Voice Denoising Methods | pyVideoTrans-Open Source Video Translation Tool -pyvideotrans.com github.com/jianchang512/pyvideotrans

Why Denoise?

In many voice-related application scenarios, the presence of noise can seriously affect performance and user experience. For example:

Speech Recognition: Noise can reduce the accuracy of speech recognition, especially in low signal-to-noise ratio environments.
Voice Cloning: Noise can degrade the naturalness and clarity of synthesized speech based on reference audio.

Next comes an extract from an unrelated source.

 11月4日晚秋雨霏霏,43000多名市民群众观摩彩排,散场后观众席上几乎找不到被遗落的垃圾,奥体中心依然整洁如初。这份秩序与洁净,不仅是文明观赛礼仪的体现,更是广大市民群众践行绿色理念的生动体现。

Voice denoising can solve these problems to some extent.

Common Denoising Methods

Currently, the main voice denoising techniques include the following methods:

Spectral Subtraction: This is a classic denoising method with a simple principle.
Wiener Filtering: This method works well for stationary noise, but has limited effect on varying noise.
Deep Learning: This is currently the most advanced denoising method. By leveraging powerful deep learning models, such as Recurrent Neural Networks (RNN), Convolutional Neural Networks (CNN), and Generative Adversarial Networks (GAN), it learns the complex relationships between noise and speech, achieving more accurate and natural denoising effects.

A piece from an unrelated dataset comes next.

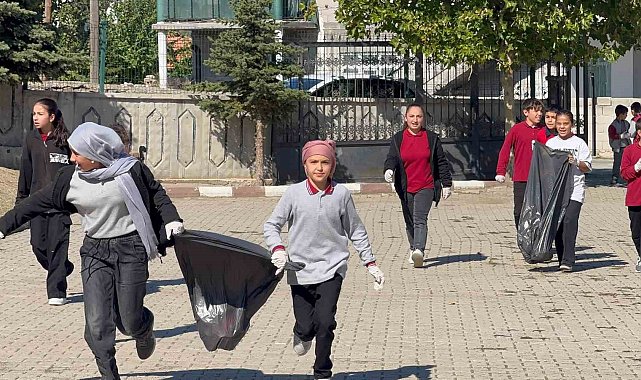 Yozgat'ta çocuklar, örnek davranışa imza atarak hem okullarındaki hem köylerindeki çöpleri topladı.

ZipEnhancer Model: Deep Learning Denoising

This tool is based on the ZipEnhancer model open-sourced by the Tongyi Laboratory and provides an easy-to-use interface and API, allowing everyone to easily experience the charm of deep learning denoising.

The project is open source on GitHub

The core of the ZipEnhancer model is the Transformer network structure and multi-task learning strategy. It can not only remove noise but also enhance speech quality and eliminate echo simultaneously. The working principle is as follows:

Self-Attention Mechanism: Captures important long-term dependencies in the speech signal, understanding the context of the sound.
Multi-Head Attention Mechanism: Analyzes speech features from different perspectives, achieving more refined noise suppression and speech enhancement.

How to Use This Tool?

Windows Pre-packaged Version:

Download and unzip the pre-packaged version (https://github.com/jianchang512/remove-noise/releases/download/v0.1/win-remove-noise-0.1.7z).
Double-click the runapi.bat file, and the browser will automatically open http://127.0.0.1:5080.
Select an audio or video file to start denoising.

Source Code Deployment:

Environment Preparation: Ensure that Python 3.10 - 3.12 is installed.
Install Dependencies: Run pip install -r requirements.txt --no-deps.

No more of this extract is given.